The mean coordinate of the dipole location during that period was calculated for each magnetic response. More than six MEG acquisitions were made for each subject to evaluate the reproducibility of the dipole location. The 95% confidence distance of the dipole location for each subject was calculated as the mean distance + 2 S.D. between the mean and each estimated dipole location. The coordinate system used for dipole location was as follows: The origin is the midpoint between the left and right tragus. The positive X‐axis extends from the origin through the nasion. The positive Z‐axis extends from the origin through the top of the head, such that it is perpendicular to the plane formed by the nasion and both tragi. The positive Y‐axis extends from the origin through the left side of the head, such that it is perpendicular to the X and Z axes.
Anatomical Investigation
T1 weighted (STAGE) sagittal magnetic resonance images (MRI) 1.5 mm thick were obtained with a 1.5 T MR imager (Shimadzu Medical Systems) and the three dimensional Fourier transform method. Three capsules of Vitamin D (5 mm in diameter) were attached to the subject's nasion and bilateral tragi in a MRI acquisition as landmarks in the superimposition of the brain image on the coordinate system used for dipole location.
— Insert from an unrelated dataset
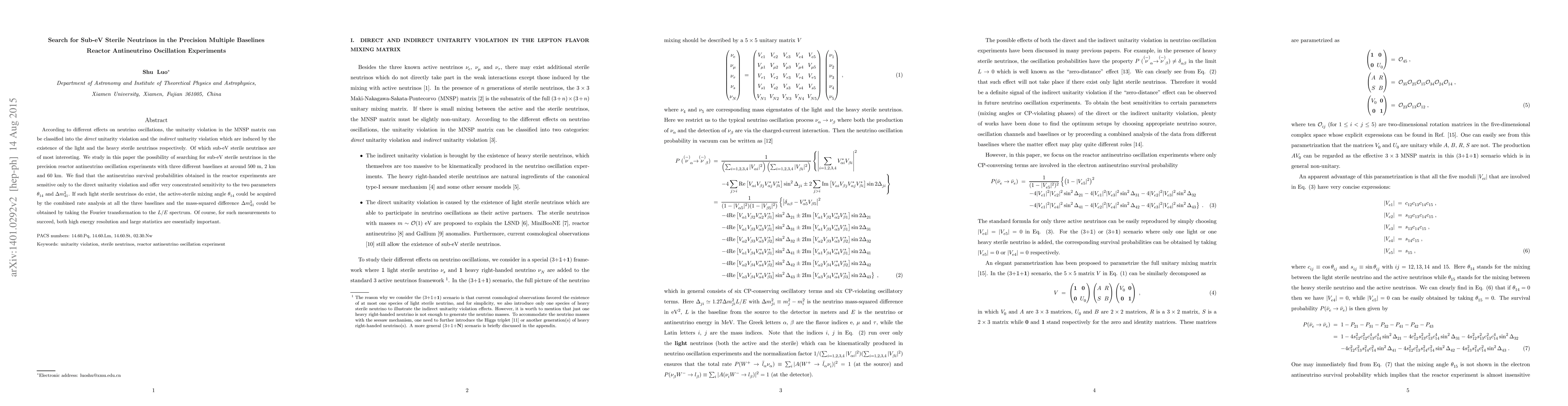 This paper investigates the potential to detect sub-eV sterile neutrinos through precision reactor antineutrino oscillation experiments at varying baselines. The study finds that these experiments are sensitive to direct unitarity violations, allowing for the determination of the active-sterile mixing angle and mass-squared difference, provided high resolution and large data samples are used.

Three dimensional cortical surface images were produced by surface rendering from the MRI images obtained using a workstation (Indigo II, Silicon Graphics) with the aid of AVS (Advanced Visual Systems). The coordinate of Talairach and Tournoux [Talairach and Tournoux, 1988] was not used in this study because it does not fit the Japanese brain [Cheng et al., 1995]. Instead, we used each individual's sulcal anatomy to identify the area responsible for the magnetic response with the atlas of Ono et al. [1990] as the reference.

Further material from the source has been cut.